Outlook: Strategic Airline Moves Support Long-Term Hotel Growth
Despite recent headwinds in international arrival numbers, the combination of a strengthened airline cluster at JFK and a gradually improving outlook in key origin markets is seen by industry observers as a constructive signal for New York’s hotel sector. Current forecasts from tourism and economic agencies anticipate that, over the medium term, inbound travel from Canada, Germany and the UK will return to growth, even if the pace remains uneven and sensitive to currency swings and geopolitical developments.
For New York hotels, particularly in Manhattan, the priority is to capture a greater share of that returning demand through targeted marketing, refreshed product offerings and continued investment in service quality.

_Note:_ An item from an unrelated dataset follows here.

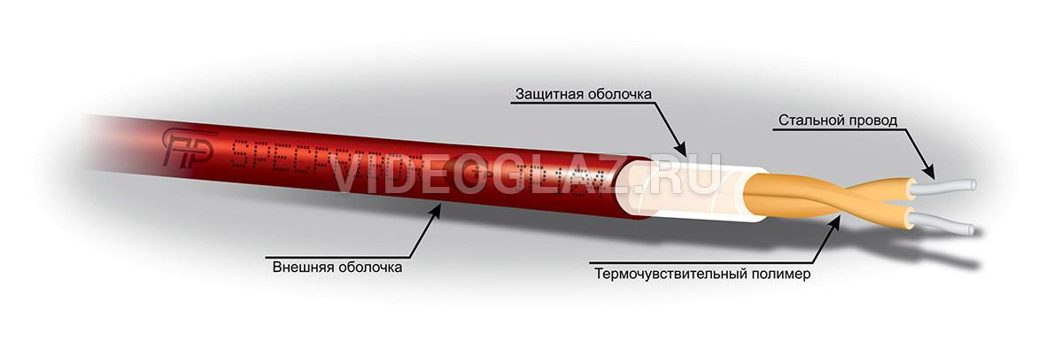 Спецприбор GTSW-СР (138,180) линейный тепловой извещатель - ИП104 «Гранат - термокабель». Извещатель пожарный тепловой линейный ИП104 «Гранат - термокабель» (в дальнейшем – извещатель, термокабель) служит для обнаружения превышения пороговой температуры как признака пожара по всей своей длине и предназначен для применения в системах пожарной сигнализации совместно с модулями «МИП» СПР.425521.007 ТУ. Англоязычное обозначение извещателя – IP104 «Granat - TermoSenseWire (GTSW)». Спецприбор GTSW-СР (138,180) представляет собой кабель, который позволяет обнаружить источник перегрева в любом месте на всем его протяжении. Термокабель представляет собой единый датчик непрерывного действия и применяется в тех случаях, когда условия эксплуатации не позволяют установку и использование обычных датчиков, а в условиях повышенной взрывоопасности применение термокабеля является оптимальным решением. Линейный тепловой извещатель Спецприбор GTSW-СР (138,180) состоит из двух стальных проводников, каждый из которых имеет изолирующее покрытие из термочувствительного полимера. Проводники с изолирующим покрытием скручиваются для создания между ними механического напряжения, затем покрываются защитной оболочкой и помещаются в оплетку для изоляции от воздействия неблагоприятных условий окружающей среды. Принцип действия термокабеля Спецприбор GTSW-СР (138,180):

Luxury and upper-upscale properties stand to benefit first from any uplift in long-haul business and high-spend leisure segments flying on Ethiopian Airlines, Air France and KLM into JFK, but midscale and lifestyle hotels across the boroughs are also likely to see gains as visitor volumes normalize.
While external risks remain, the alignment of major international carriers at JFK, combined with improving sentiment in core overseas markets, positions New York City’s hospitality industry for further revenue growth. The city’s role as a global gateway, supported by coordinated air service and infrastructure improvements, continues to underpin its appeal as both a first and repeat choice for international travelers.